Using both the illustrations of Labillardiere (a talented artist) and Jean Piron, Dickson has reinterpreted their images making reference to the context in which they were drawn – the neoclassical aesthetic that was current in France at the time. It is a truism of history that we see the world through the prism of our own understanding and the culture in which we live. How could it be otherwise?
Dickson's exhibition has all the theatrical flourish of a stage set – the backdrop is formed by panels of 18th-century-style toile de jouy wallpaper with monkeys and pineapples ensconced in stylised greenery derived from neoclassical motifs. On this backdrop hang five painted panels by the artist that provide the dramatis personae. The painted images are of an Indigenous man and woman from New Caledonia and a woman from Cape van Diemen in New Zealand. The other two panels depict native birds – a hornbill from the island of Waygiou in the West Papua province of Eastern Indonesia and a magpie from New Caledonia. These images are painted in acrylic and oil on canvas and are beautifully and skilfully rendered with the same care and attention to detail as the originals.

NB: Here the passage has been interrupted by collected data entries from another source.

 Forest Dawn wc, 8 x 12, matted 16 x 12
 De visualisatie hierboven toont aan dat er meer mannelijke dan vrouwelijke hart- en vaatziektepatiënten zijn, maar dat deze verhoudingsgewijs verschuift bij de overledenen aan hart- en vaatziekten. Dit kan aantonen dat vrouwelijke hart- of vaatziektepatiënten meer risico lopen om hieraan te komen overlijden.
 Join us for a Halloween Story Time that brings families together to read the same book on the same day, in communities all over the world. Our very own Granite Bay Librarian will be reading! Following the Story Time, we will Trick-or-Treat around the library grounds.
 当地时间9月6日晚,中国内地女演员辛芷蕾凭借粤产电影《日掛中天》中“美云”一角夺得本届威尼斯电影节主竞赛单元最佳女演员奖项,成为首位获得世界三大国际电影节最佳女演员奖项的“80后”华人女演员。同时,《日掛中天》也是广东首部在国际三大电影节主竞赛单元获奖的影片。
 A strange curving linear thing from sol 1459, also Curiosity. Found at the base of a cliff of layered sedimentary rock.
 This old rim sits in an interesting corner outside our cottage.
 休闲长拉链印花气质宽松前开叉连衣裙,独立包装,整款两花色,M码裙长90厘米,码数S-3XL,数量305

Arranged around these central images in decorative ornamental cartouches are painted spears, botanical specimens, weapons and religious carvings all taken from drawings made by members of the d'Entrecasteaux expedition.
The paintings by Dickson become yet another version of the original drawings – a sort of visual-art Chinese whispers in which the original drawings have been transcribed many times. Certainly they would have been redrawn from the originals on a printing plate by the printer in order for them to be published. It was not unknown for the artist's original drawings to be enhanced or even changed during this transition from the immediacy of the drawn original to the printed and published version. In the act of redrawing and painting the images the artist has also taken part in their metamorphosis. Somewhere in this multilayered process the flesh and blood of the original drawings have disappeared and they have become transformed into a pastiche of the unknown exotic "other" – strange, no doubt, and interesting but devoid of any meaningful context and relevance.

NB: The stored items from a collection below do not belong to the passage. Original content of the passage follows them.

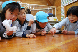 森の工作館に戻り、おにぎりをいただいた後は楽しみにしていたドングリの試食です。マテバシイの実は炒って、シイの実は電子レンジで温めていただきました。初めて食べるドングリの感想は「おいしい!クリみたい」「モチモチしてる」と、驚きの発見でした。そしてドングリでコマとヤジロベエ、笛を作って遊びました。
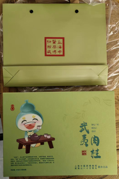 为配合本次活动开展,上海中医药博物馆基于IP“壶宝”定制并推出一款全新的文创茶包礼盒。礼盒以青色为主色调,装有武夷岩茶中的著名花色品种“肉桂”,并印有“壶宝”品茶的精美图案。这是上海中医药博物馆IP“壶宝”于去年正式发布后的一次全新“演绎”,为茶文化和中医药文化更好地传播增添助力。线上线下认真参与活动的茶友均有机会获得本款文创茶包礼盒。
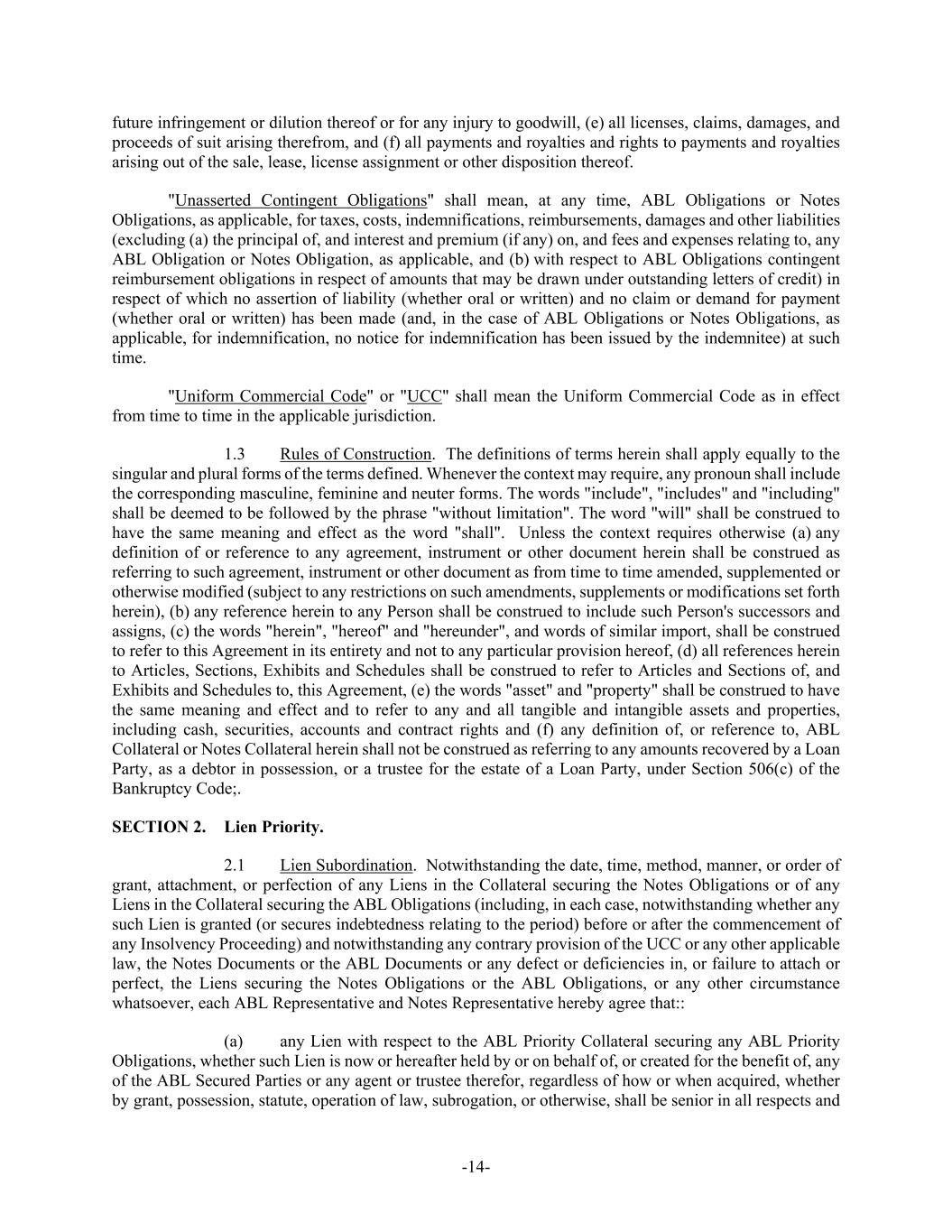 -14- future infringement or dilution thereof or for any injury to goodwill, (e) all licenses, claims, damages, and proceeds of suit arising therefrom, and (f) all payments and royalties and rights to payments and royalties arising out of the sale, lease, license assignment or other disposition thereof. "Unasserted Contingent Obligations" shall mean, at any time, ABL Obligations or Notes Obligations, as applicable, for taxes, costs, indemnifications, reimbursements, damages and other liabilities (excluding (a) the principal of, and interest and premium (if any) on, and fees and expenses relating to, any ABL Obligation or Notes Obligation, as applicable, and (b) with respect to ABL Obligations contingent reimbursement obligations in respect of amounts that may be drawn under outstanding letters of credit) in respect of which no assertion of liability (whether oral or written) and no claim or demand for payment (whether oral or written) has been made (and, in the case of ABL Obligations or Notes Obligations, as applicable, for indemnification, no notice for indemnification has been issued by the indemnitee) at such time. "Uniform Commercial Code" or "UCC" shall mean the Uniform Commercial Code as in effect from time to time in the applicable jurisdiction. 1.3 Rules of Construction. The definitions of terms herein shall apply equally to the singular and plural forms of the terms defined. Whenever the context may require, any pronoun shall include the corresponding masculine, feminine and neuter forms. The words "include", "includes" and "including" shall be deemed to be followed by the phrase "without limitation". The word "will" shall be construed to have the same meaning and effect as the word "shall". Unless the context requires otherwise (a) any definition of or reference to any agreement, instrument or other document herein shall be construed as referring to such agreement, instrument or other document as from time to time amended, supplemented or otherwise modified (subject to any restrictions on such amendments, supplements or modifications set forth herein), (b) any reference herein to any Person shall be construed to include such Person's successors and assigns, (c) the words "herein", "hereof" and "hereunder", and words of similar import, shall be construed to refer to this Agreement in its entirety and not to any particular provision hereof, (d) all references herein to Articles, Sections, Exhibits and Schedules shall be construed to refer to Articles and Sections of, and Exhibits and Schedules to, this Agreement, (e) the words "asset" and "property" shall be construed to have the same meaning and effect and to refer to any and all tangible and intangible assets and properties, including cash, securities, accounts and contract rights and (f) any definition of, or reference to, ABL Collateral or Notes Collateral herein shall not be construed as referring to any amounts recovered by a Loan Party, as a debtor in possession, or a trustee for the estate of a Loan Party, under Section 506(c) of the Bankruptcy Code;. SECTION 2. Lien Priority. 2.1 Lien Subordination. Notwithstanding the date, time, method, manner, or order of grant, attachment, or perfection of any Liens in the Collateral securing the Notes Obligations or of any Liens in the Collateral securing the ABL Obligations (including, in each case, notwithstanding whether any such Lien is granted (or secures indebtedness relating to the period) before or after the commencement of any Insolvency Proceeding) and notwithstanding any contrary provision of the UCC or any other applicable law, the Notes Documents or the ABL Documents or any defect or deficiencies in, or failure to attach or perfect, the Liens securing the Notes Obligations or the ABL Obligations, or any other circumstance whatsoever, each ABL Representative and Notes Representative hereby agree that:: (a) any Lien with respect to the ABL Priority Collateral securing any ABL Priority Obligations, whether such Lien is now or hereafter held by or on behalf of, or created for the benefit of, any of the ABL Secured Parties or any agent or trustee therefor, regardless of how or when acquired, whether by grant, possession, statute, operation of law, subrogation, or otherwise, shall be senior in all respects and

In this exhibition Dickson draws our attention to this transformation from closely observed phenomena of a new land to what becomes the exotic decorative vocabulary of another culture – in this case 18th-century Europe.
The five decorative panels are accompanied by rows of polished coconuts mounted on stands in the manner that Europeans once mounted curios such as carved shells and emu eggs. These stands in turn rest on painted plinths. The coconuts are painted by Dickson with images of natives and plants to symbolise the trade that began between the new world and that of Europe. A trade that brought colonisation in its wake as the riches of these lands became apparent.
The installation is in Gallery 4 on Civic Square. The space, with floor to ceiling plate glass windows, is like a large glass box that suits both the ambience and theme of Dickson's work very well. It evokes the 18th-century era of scientific curiosity where specimens of flora and fauna were examined, drawn, pressed and mounted and kept behind glass either in framed pictures, curiosity cabinets or under glass domes. It also has the whiff of dusty rooms in natural history museums where dark cases and display stands held curiosities from across the world – adrift and out of context. The exhibition can be viewed at all times. However viewing the exhibition at night could be rewarding as daytime reflections on the glass can be distracting.
Dickson is a Canberra artist whose continuing interest in interpretations of our native fauna and flora is positioned against a historical perspective of exploration, collecting and appropriation of cultural exotica by dominant cultures. This exhibition is the result of Dickson's award of the ANU Vice-Chancellor's 2014 Visiting Artist's Fellowship in the ANU College of Asia and the Pacific. She was invited to be part of a project, Collecting in the South Seas, that investigated the collections assembled by the Bruni d'Entrecasteaux expedition and to bring a new interpretation and aesthetic to this historical collection. In this task she has succeeded very well.